- FAA Publication
- Abbreviation: AC 20-115
- Year started: 1982
- Latest version: D 2017
- Organization: Federal Aviation Administration
- Predecessor: C
- Domain: Aviation safety
- Website: FAA

= AC 20-115 =

The Advisory Circular AC 20-115( ), Airborne Software Development Assurance Using EUROCAE ED-12( ) and RTCA DO-178( ) (previously Airborne Software Assurance), recognizes the RTCA published standard DO-178 as defining a suitable means for demonstrating compliance with applicable airworthiness regulations for the use of software within aircraft systems. The present revision D of the circular identifies ED-12/DO-178 Revision C as the active revision of that standard and particularly acknowledges the synchronization of ED-12 and DO-178 at that revision.
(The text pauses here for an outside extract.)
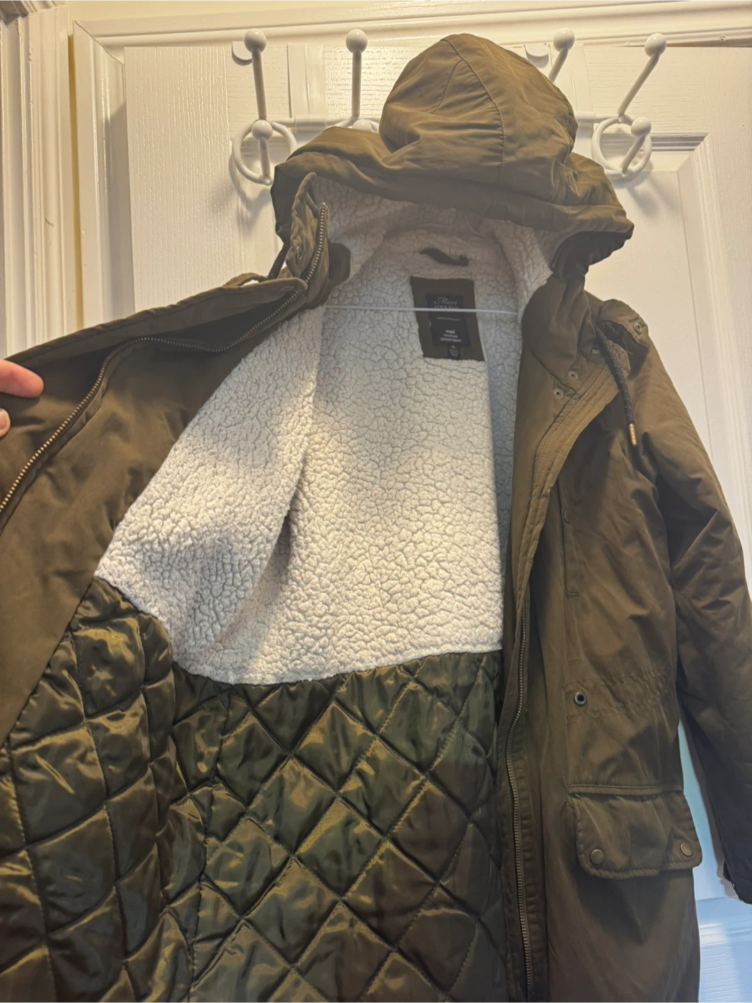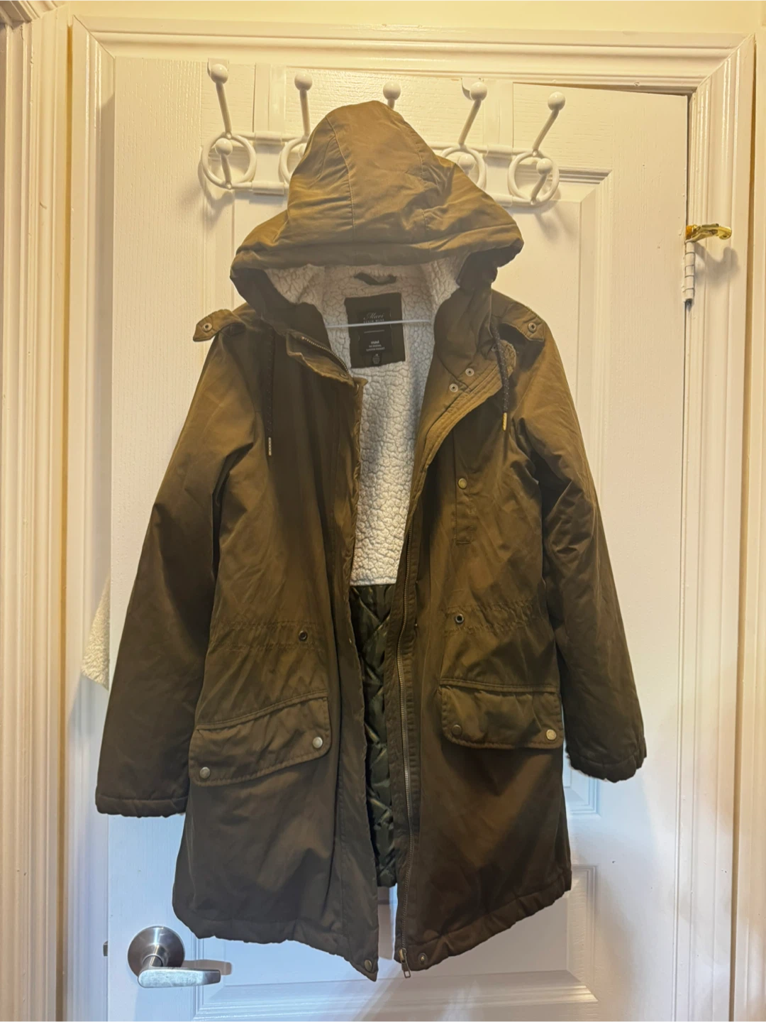 Denim Wear parka in a lovely olive green colour! It's lined with sherpa for extra warmth and comfort. The size is M. Perfect for staying cozy during those chilly Canadian days!

This Advisory Circular calls attention to ED-12C/DO-178C as "an acceptable means, but not the only means," to secure FAA approval of software. The earliest revisions of the Advisory Circular were brief, serving little more than to call attention to active DO-178 revisions. The Advisory Circular revisions C and D are considerably longer, giving guidance in modifying and re-using software previously approved using DO-178, DO-178A, or DO-178B (preceding revisions of the DO-178 standard). Additionally, the expanded AC now provides guidance for Field Loadable Software and User Modifiable Software within aircraft software. Transition of legacy tool qualification from DO-178B to DO-330 is also discussed, with comparison of ED-12B/DO-178B Tool Qualification Type with ED-12C/ED-215 DO-178C/DO-330 Tool Qualification Level.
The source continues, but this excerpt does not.